» **What to work on**
Give the lines below again, exactly as they stand, and leave out the images.

» **Data section**
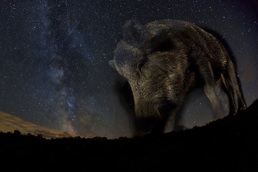 - Here is a remarkable shot, and it looks like we just got our first winner of this competition taken with a remote camera (correct me if I am wrong). So, a very cleverly planned photograph, the Milky Way isn’t there by accident, but a very nicely taken one too, a mix of long exposure and flash give this boar detail in the night, showing off its fabulous fur coat and that dark eye with which we connect immediately. I suspect this wasn’t a first attempt at this so all of that work has paid off, you have got yourself a rare photo, nothing less than a wild boar foraging at night photo. Congratulations, clever shot.
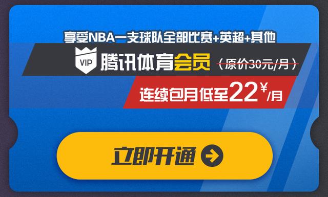 腾讯体育会员原价30元/月,开通连续包月仅需22元/月。即可畅享一支球队NBA所有比赛。还想看更多的比赛?英超、NCAA等超多黄金赛事也为您准备好了。
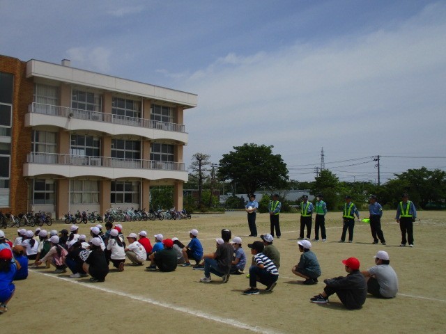 交番の井上さん、交通安全協会のみなさんにご指導いただきながら交通教室を行いました。自転車の乗り方、ヘルメットのかぶり方など細かいところまで、ていねいに教えていただきました。

» **Result of this task**
 - Here is a remarkable shot, and it looks like we just got our first winner of this competition taken with a remote camera (correct me if I am wrong). So, a very cleverly planned photograph, the Milky Way isn’t there by accident, but a very nicely taken one too, a mix of long exposure and flash give this boar detail in the night, showing off its fabulous fur coat and that dark eye with which we connect immediately. I suspect this wasn’t a first attempt at this so all of that work has paid off, you have got yourself a rare photo, nothing less than a wild boar foraging at night photo. Congratulations, clever shot.
 腾讯体育会员原价30元/月,开通连续包月仅需22元/月。即可畅享一支球队NBA所有比赛。还想看更多的比赛?英超、NCAA等超多黄金赛事也为您准备好了。
 交番の井上さん、交通安全協会のみなさんにご指導いただきながら交通教室を行いました。自転車の乗り方、ヘルメットのかぶり方など細かいところまで、ていねいに教えていただきました。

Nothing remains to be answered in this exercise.